Final answer:
To find the final image distance from the converging lens, the thin-lens equation is used for both the diverging and converging lenses in succession. The distance of the first image from the diverging lens becomes the object distance for the converging lens after adjusting for the lens separation. The calculated distance from the converging lens to the image is positive for real images and negative for virtual ones.
Step-by-step explanation:
To determine how far to the right of the converging lens the final image of a flower will be, we start by using the thin-lens equation 1/f = 1/do + 1/di for each lens individually. For a diverging lens, the focal length (f) is taken as negative, while for a converging lens, it's positive. The distance of the object (do) is the distance between the object and the diverging lens, and the distance of the image (di) will be the result we are solving for. The magnification (m) can also be calculated from m = -di/do for each lens separately.

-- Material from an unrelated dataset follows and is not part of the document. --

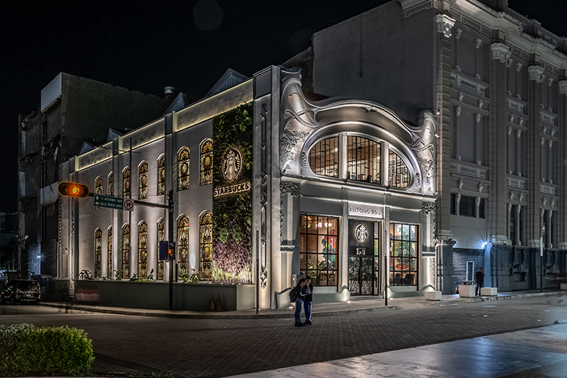 Durante la inauguración de su primera cafetería insignia en América Latina, ubicada en el emblemático edificio Antonio Bou del centro histórico de San Salvador, Heberto Rivera, gerente general de Starbucks Latinoamérica y el Caribe, detalló que actualmente la marca cuenta con 32 establecimientos en el país, lo que representa el 33 % de las 96 tiendas que operan en Centroamérica.
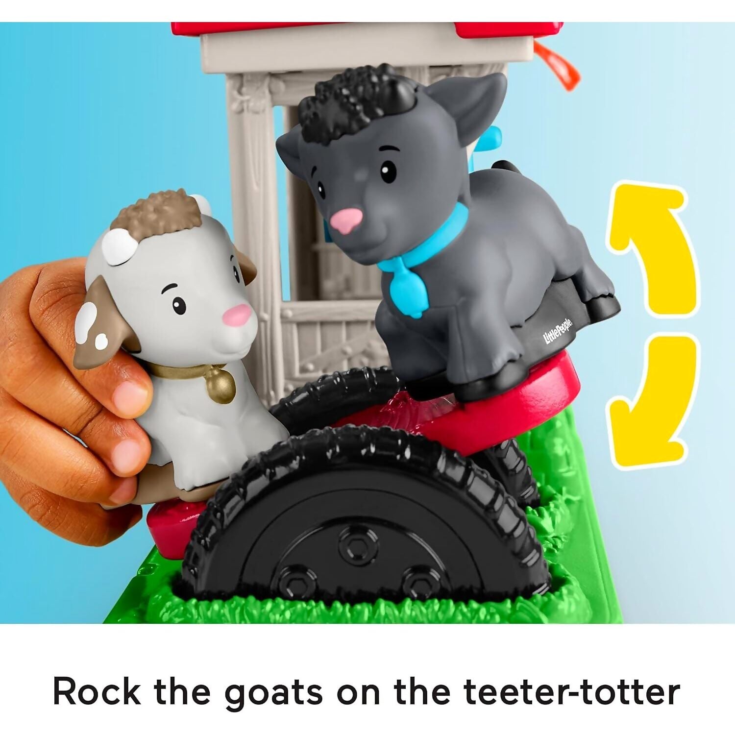 Toddlers can enjoy hours of imaginative fun with the Little People Feed & Play Goat Yard Playset from Fisher-Price. This charming farm-themed set includes two friendly goat figures, a bottle play piece for feeding role-play, and a teeter-totter for active storytelling. The goat house features a fold-down door that transforms into a ramp, making it easy for little ones to load their animals in and out.

However, this problem requires two steps since there are two lenses. After finding the image distance from the diverging lens, this image serves as a virtual object for the converging lens. The distance between the two lenses must be subtracted from this image distance to find the correct object distance for the second lens. Once we have this new object distance (do') for the converging lens, we use its focal length to find the final image distance (di') relative to the converging lens using the thin-lens equation again.
The sign of the resulting di' tells us the nature of the image. If di' is positive, the image is real and on the opposite side of the light entry, if negative, it's virtual and on the same side as the light entry. The final distance from the converging lens to the real image is the absolute value of di' if di' is positive.